Suddenly, Mad Mod's hologram jerked. He reached a hand to his ear. His eyes narrowed. "Y-Yes??" He responded to the air as if he was talking on some unknown frequency. A beat. "O-Of course, sir. I haven't stop filming." A beat. "Right now, I'd say six hours would do—" He stopped in mid sentence and bit his lip as an electronic voice squabbled in his ear. Then he replied: "But……b-but I can't do it that fas—" His spectacled eyes widened. "Bollocks!! You want the rest of it done live?! I……that's impossible!! I'd have to rewrite the entire program's subroutine to come up with anything spectacular enough right on the dime—" He went even more pale. "No, sir." A beat. "No, no sir.
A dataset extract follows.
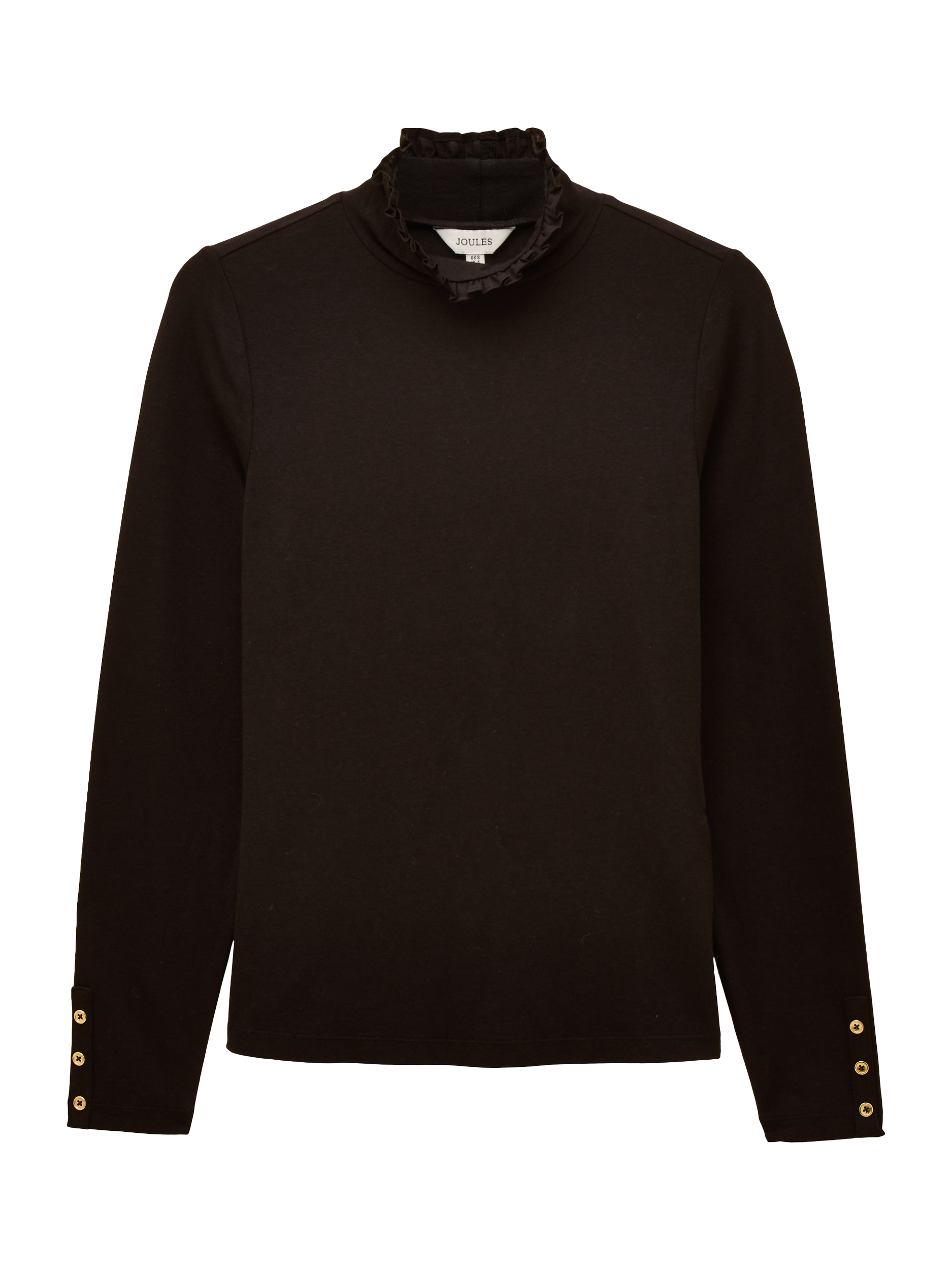 With a slim fit that hugs the body, the Amy jersey roll neck is the perfect base layer to build your outfits around. The long sleeves feature gold-toned accent buttons and the neck is trimmed with a woven frill.
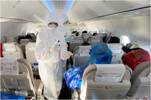 南航严格做好工作人员自身防护和客舱清洁消杀,机组人员出发前检测体温,执行航班期间乘务员全程佩戴口罩、手套,同时对机上毛毯、耳机等公共物品不重复使用,并停止配备餐单、酒水单、报刊杂志等,最大限度减少人员接触导致的疫情风险;在每个航程结束之后立即对飞机客舱进行消毒,在飞机结束全天飞行回到基地后第一时间做预防性彻底消毒,机务人员还加大了更换飞机空调再循环系统风扇气滤的频率,为飞机换上新“口罩”。

No need for that. I'll……uh……I-I'll do the best I can!!"
The hologram lowered his hand, gulped, and trembled as he rattled forth: "Okay…everyone…………um……into positions!!"
"What positions?!" Beast Boy flew by.
"Never you mind. I'll b-be taking care of that!"
The sphere disappeared. The setting around the Titans resumed into fluid motion.
-T-T-T-T-T-T-
Razor sits upright and shakes his dizzy head. He glances at everyone.
Vic Stone shrugs. "What now?"
Moonflame places her hands on her hips. Suddenly, she's being lifted into the air. She looks up. "Umm….."
Logan flies to a stop and gasps. "Dude!! What the—"
Fang is hanging from the ceiling. Upside down. He has Moonflame by the shoulders in two of his spidery limbs. He drools and hisses at the Titans: "Found you, dirty no-gooders!!"
Razor points and grunts: "Titans!! Go!!"
"With wh-what?!" Corina trembles.
"Your fists!! RAAAUGH!!!"
"YAAAH!!!"
"DIE!!!!"
All the characters converge on Moonflame's suspended position.
The woman flinches, covering her head.
Suddenly, Fang disappears.
Moonflame drops to the floor and lands in Stone's arms. WHUMP!!!
"Ooof!!"
Stone blinks. He looks at Razor. "Ooookay."
"HA HA HA HA!!!"
The group looks over.
Control Freak stands besides a bunch of disoriented henchmen. He laughs his head, spins his dual lightsaber to a stop, and smirks. "Can I buy a ticket to this showing?!"
Stone drops Moonflame.
THWUMP!!!
"Mmmff!!"
"It's that fat bastard! Get him!!"
Razor raises an eyebrow. He stretches an arm out. "No. Wait!"
"Dude…we're surrounded!" Logan points.
The others turn to look.
Corina gasps.
Killer Moth lands from the ceiling and bears his clawed gloves.
Beside him, Mumbo Jumbo appears in a puff of smoke, spins his wand, and grins. "Alla kazaaam!!"
"Don't you see??" Razor exclaims.
Moonflames gets up, dusting herself off. "They aren't real. None of this…is real."
"The Critic's grown impatient! Mad Mod's doing everything he can to entertain a bored audience! He's ditching the spy story and reverting to the Titans!"
"Then what do we do?!" Stone remarks.
Razor smirks. "Sit back and watch the show!"
"Grrrrrr!!!" Killer Moth shakes his fist and growls. "Come on!! Fight us!!"
"Dude…," Logan smiles and folds his arms. "You are so not worth it…"
"Eeek!!" Corina shrieks and points. "Squirrels!!"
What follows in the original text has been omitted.